Pictures aside, repeat every entry exactly.

######

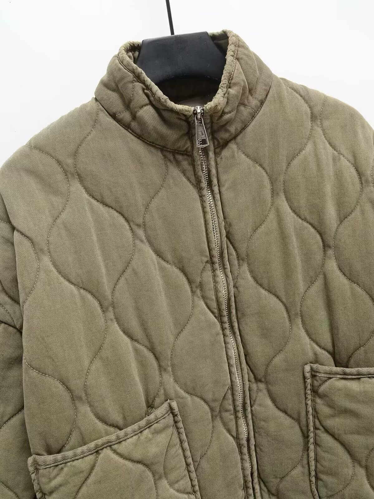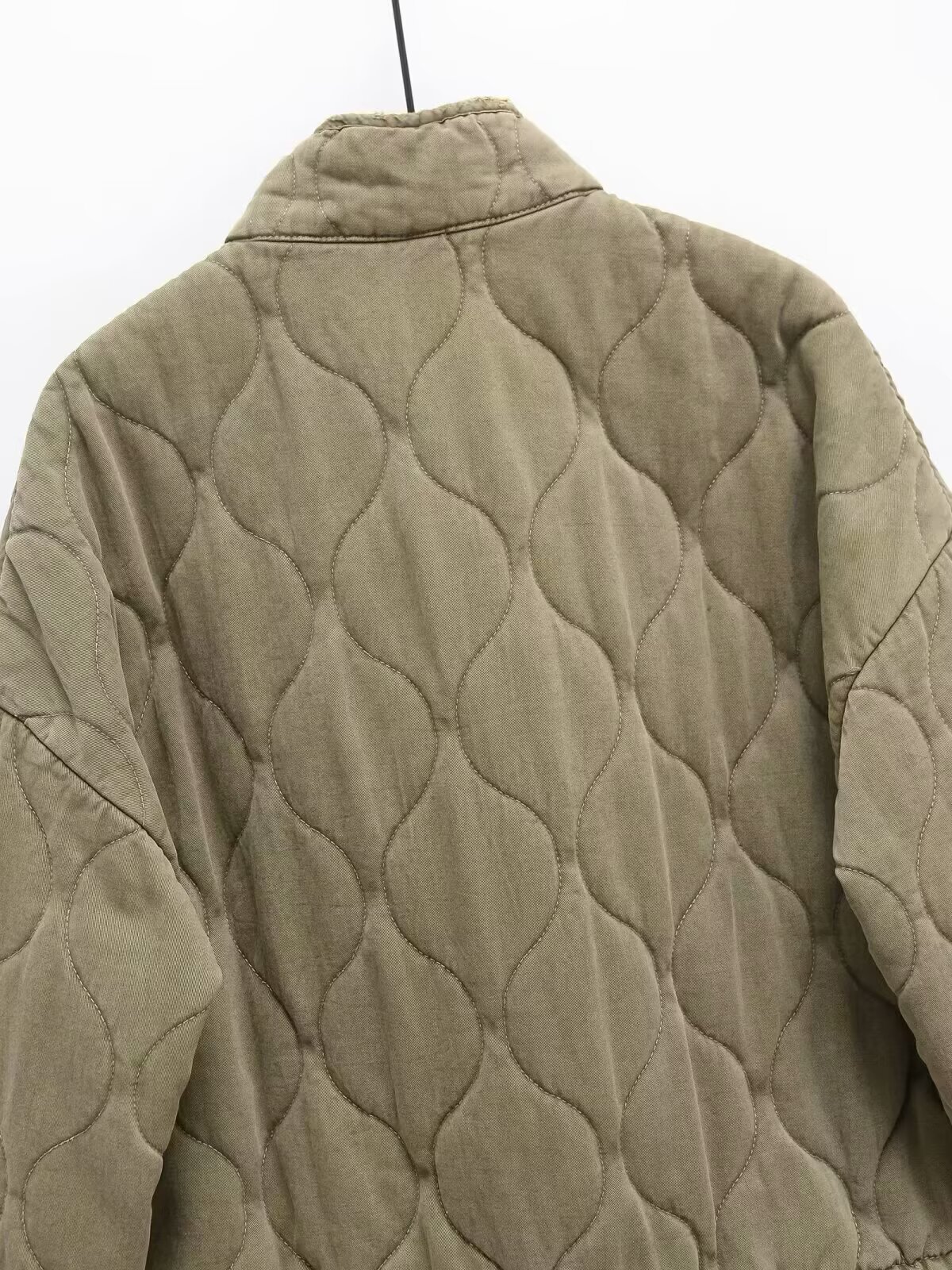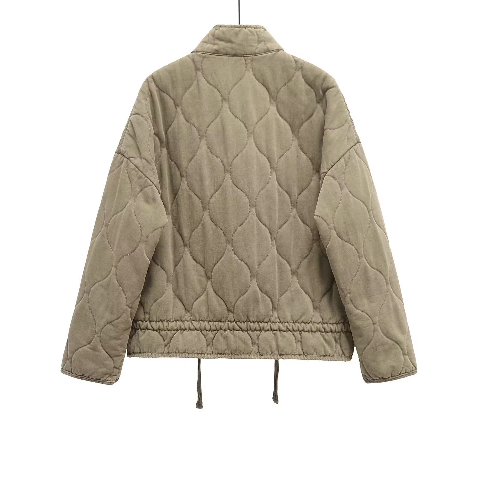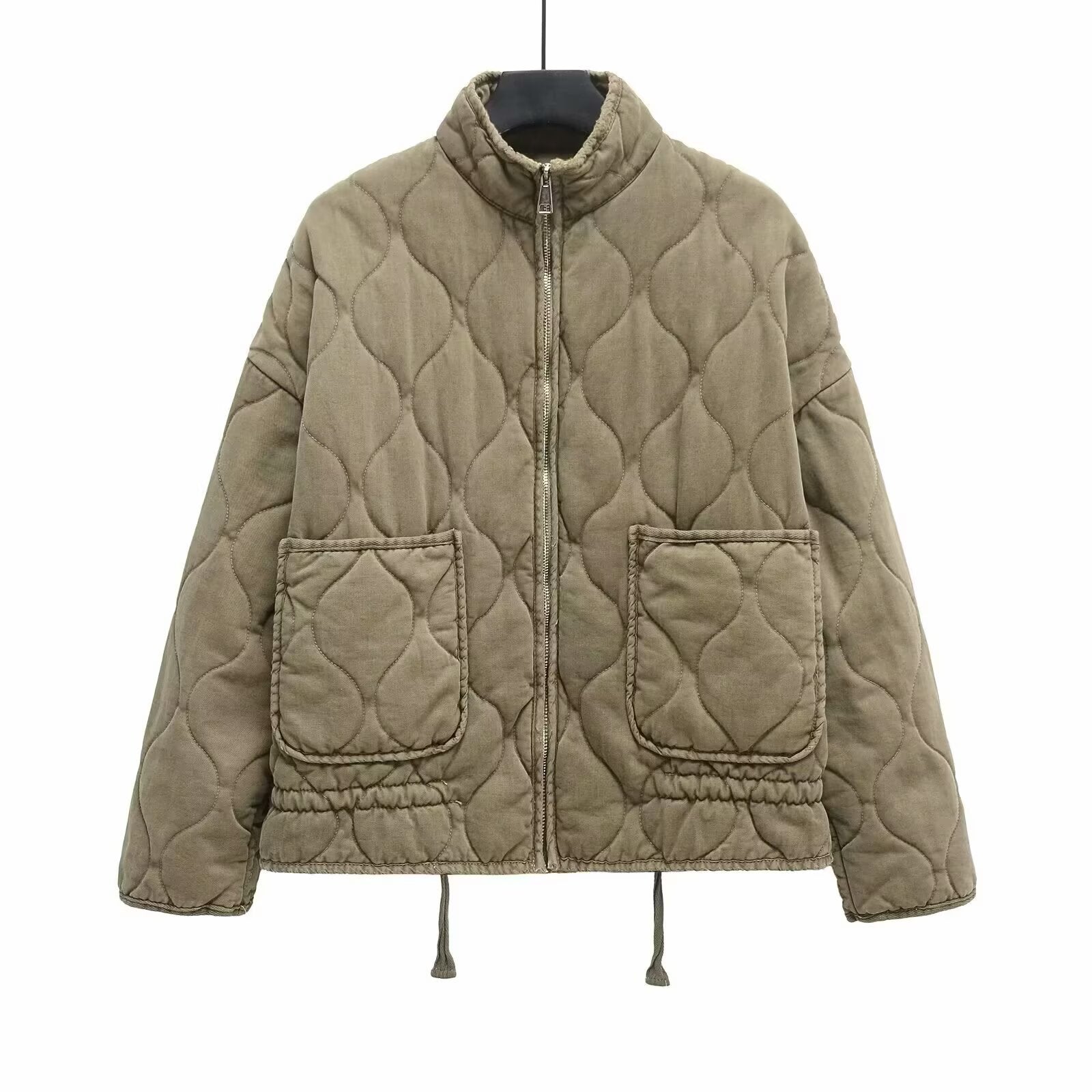 Winter Washed Cotton Jacket With A Diamond-Pattern Stand Collar
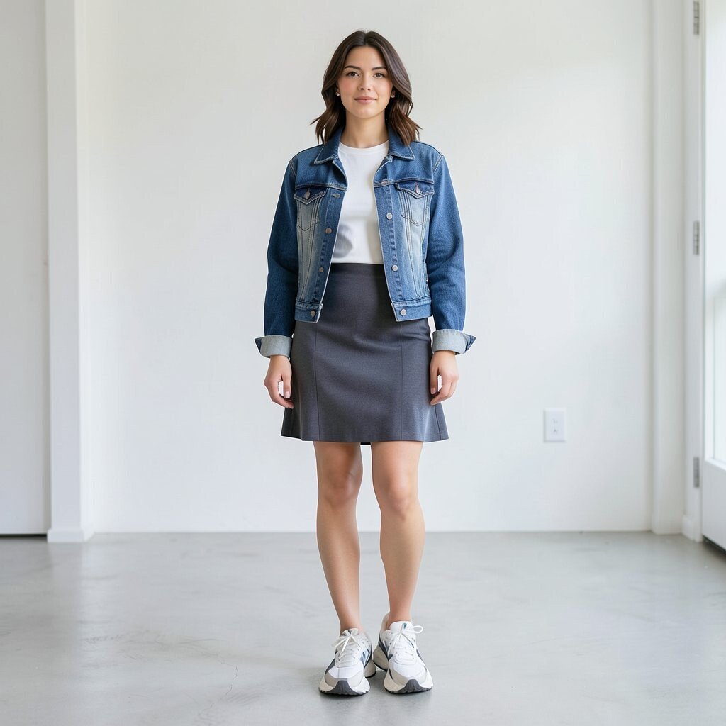 You can personalize the look with a bright top, a belt, or fun earrings. A thrifted skirt and jacket can make the outfit feel more unique and keep the cost low. If you want a softer look, choose a lighter wash and simple white shoes.
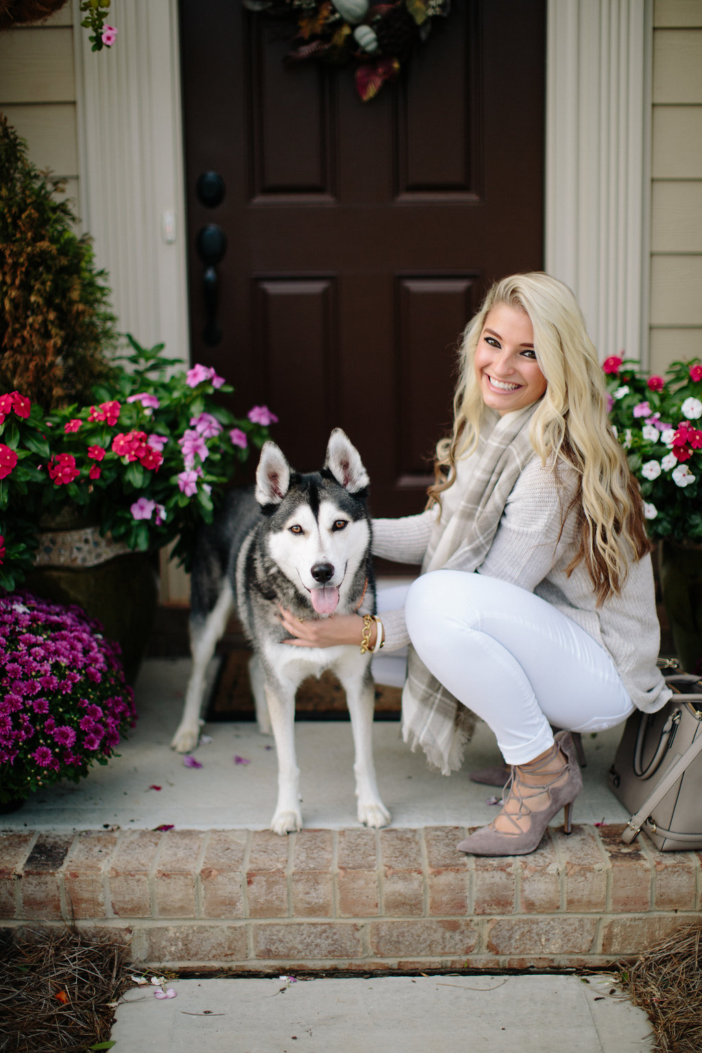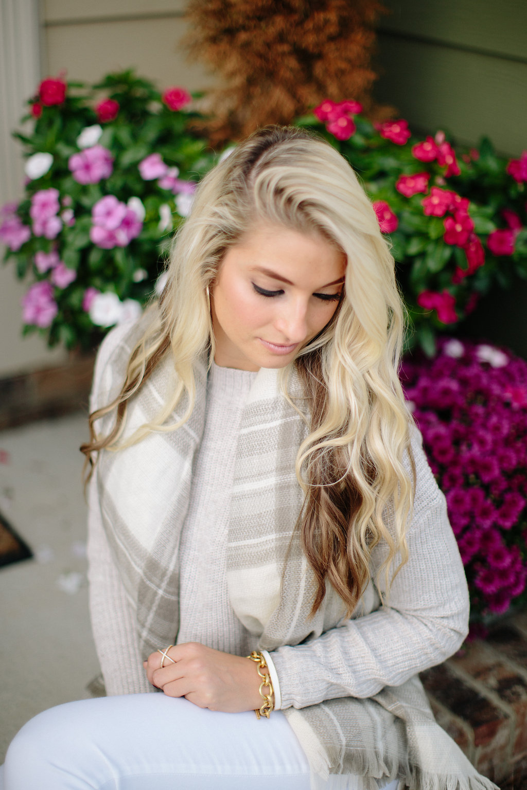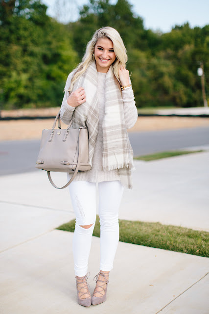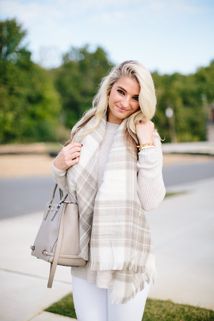 Tis the season for blanket scarves and oversized sweaters my friends, and I just can’t get enough! This neutral duo is a showstopper, I mean have you ever seen a scarf and sweater match so perfectly?! If you’ve been following along, you’ve probably noticed I have this mock neck sweater in multiple colors (see this post), because why not? It’s at the perfect price point, it’s versatile, and great quality. I paired it with white jeans for this outfit (I obviously don’t follow the rules), which really helped play up the neutral tones for a crisp look. These Vince Camuto pumps are still a fav of mine, and super comfortable! I wear them to work regularly, and they don’t bother my feet at all – highly reccommend.
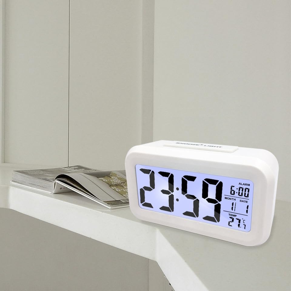 Le Prix Mokeum Réveil numérique pour Chambre à Coucher, Affichage LED, réveil numérique à Piles, réveil avec détection Intelligente de la température, répétition, pour Bureau, Table de Nuit, Voyage (Blanc)
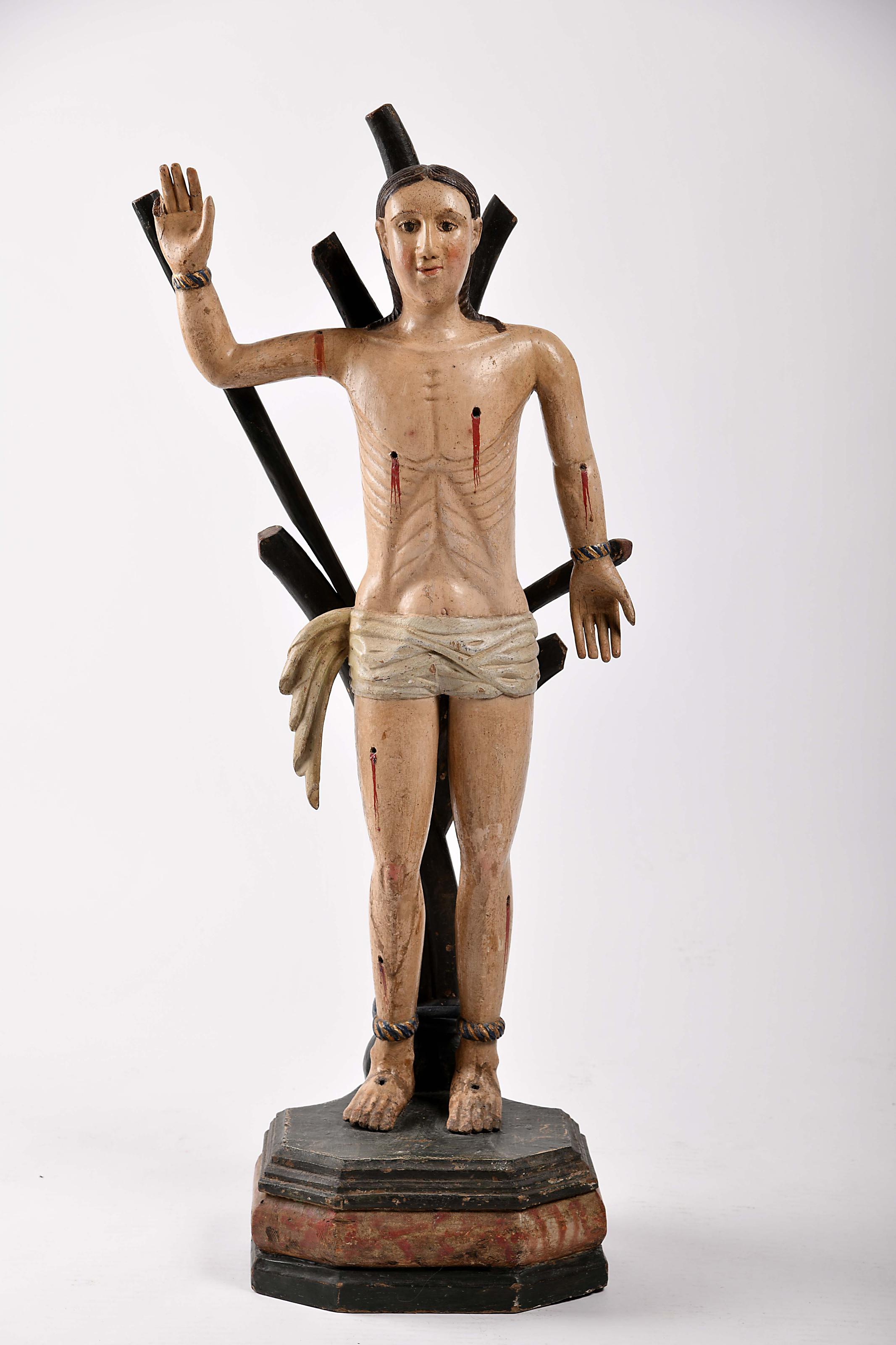 São Sebastião escultura em madeira policromada Portuguesa séc. XVII/XVIII falta de um dedo, restauros na policromia, outros pequenos defeitos Dimensões (altura x comprimento x largura) - 108,5 cm
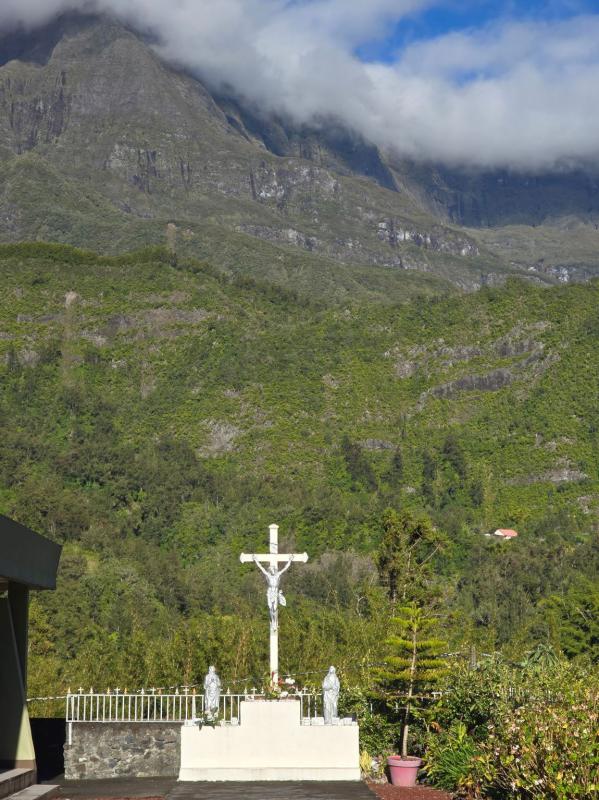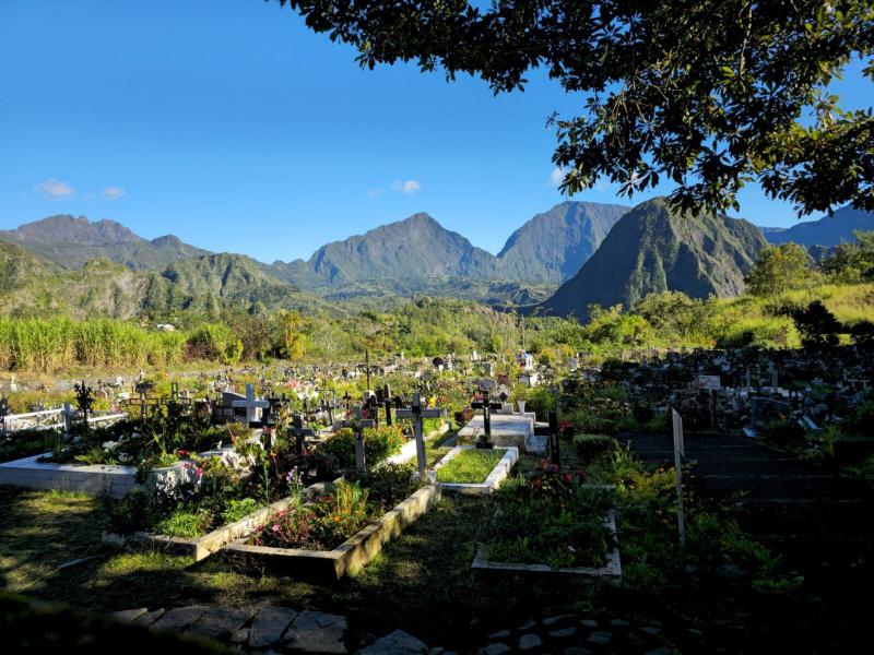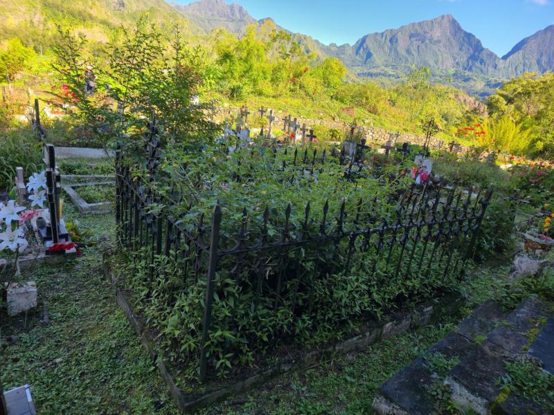 Volcenay Zitte se trouve être un célèbre bandit sanguinaire, qui a terrorisé les Réunionnais en 1919. Il sévit dans les hauts de Saint-Paul, à la Possession et à Saint-Denis, en s’introduisant dans des cases pour voler. On lui prête de graves méfaits, dont des viols et assassinats. Le fugitif est finalement arrêté chez sa sœur à Marla dans le cirque de Mafate. Un guet-apens a été tendu mais Volcenay Zitte ne sera pas ramené vivant. Durant le trajet pour l’escorter hors du cirque, Volcenay Zitte se suicide et meurt à Grand Sable. ![]() Fleuri et pittoresque, le cimetière offre une superbe vue sur le piton d'Anchaing.
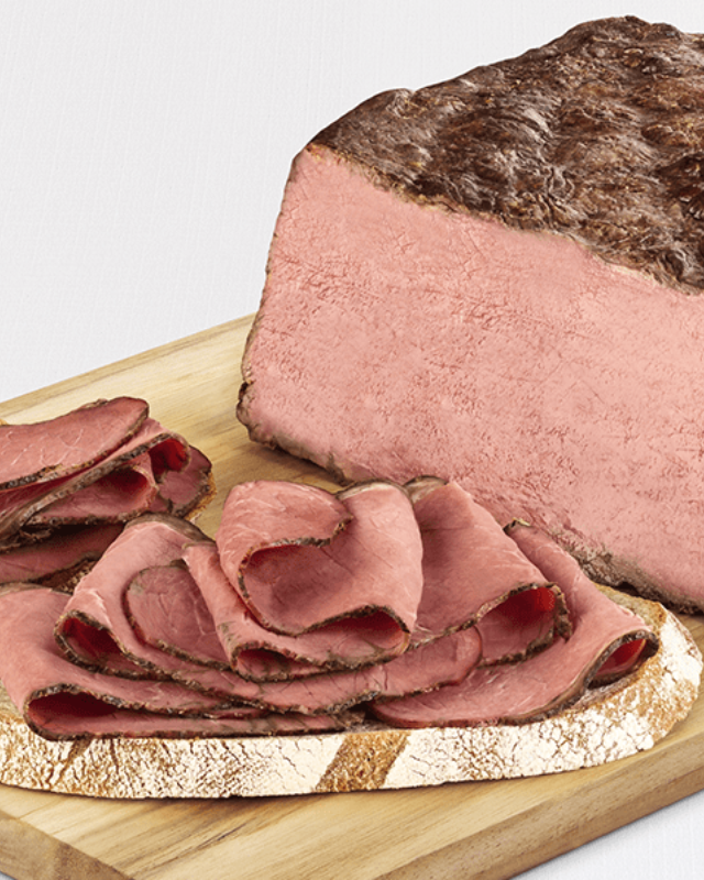 Iguaria da charcutaria, curada lentamente e defumada, adquirindo sabor intenso com toque de especiarias.

######

* **Solved problem**
 Winter Washed Cotton Jacket With A Diamond-Pattern Stand Collar
 You can personalize the look with a bright top, a belt, or fun earrings. A thrifted skirt and jacket can make the outfit feel more unique and keep the cost low. If you want a softer look, choose a lighter wash and simple white shoes.
 Tis the season for blanket scarves and oversized sweaters my friends, and I just can’t get enough! This neutral duo is a showstopper, I mean have you ever seen a scarf and sweater match so perfectly?! If you’ve been following along, you’ve probably noticed I have this mock neck sweater in multiple colors (see this post), because why not? It’s at the perfect price point, it’s versatile, and great quality. I paired it with white jeans for this outfit (I obviously don’t follow the rules), which really helped play up the neutral tones for a crisp look. These Vince Camuto pumps are still a fav of mine, and super comfortable! I wear them to work regularly, and they don’t bother my feet at all – highly reccommend.
 Le Prix Mokeum Réveil numérique pour Chambre à Coucher, Affichage LED, réveil numérique à Piles, réveil avec détection Intelligente de la température, répétition, pour Bureau, Table de Nuit, Voyage (Blanc)
 São Sebastião escultura em madeira policromada Portuguesa séc. XVII/XVIII falta de um dedo, restauros na policromia, outros pequenos defeitos Dimensões (altura x comprimento x largura) - 108,5 cm
 Volcenay Zitte se trouve être un célèbre bandit sanguinaire, qui a terrorisé les Réunionnais en 1919. Il sévit dans les hauts de Saint-Paul, à la Possession et à Saint-Denis, en s’introduisant dans des cases pour voler. On lui prête de graves méfaits, dont des viols et assassinats. Le fugitif est finalement arrêté chez sa sœur à Marla dans le cirque de Mafate. Un guet-apens a été tendu mais Volcenay Zitte ne sera pas ramené vivant. Durant le trajet pour l’escorter hors du cirque, Volcenay Zitte se suicide et meurt à Grand Sable. ![]() Fleuri et pittoresque, le cimetière offre une superbe vue sur le piton d'Anchaing.
 Iguaria da charcutaria, curada lentamente e defumada, adquirindo sabor intenso com toque de especiarias.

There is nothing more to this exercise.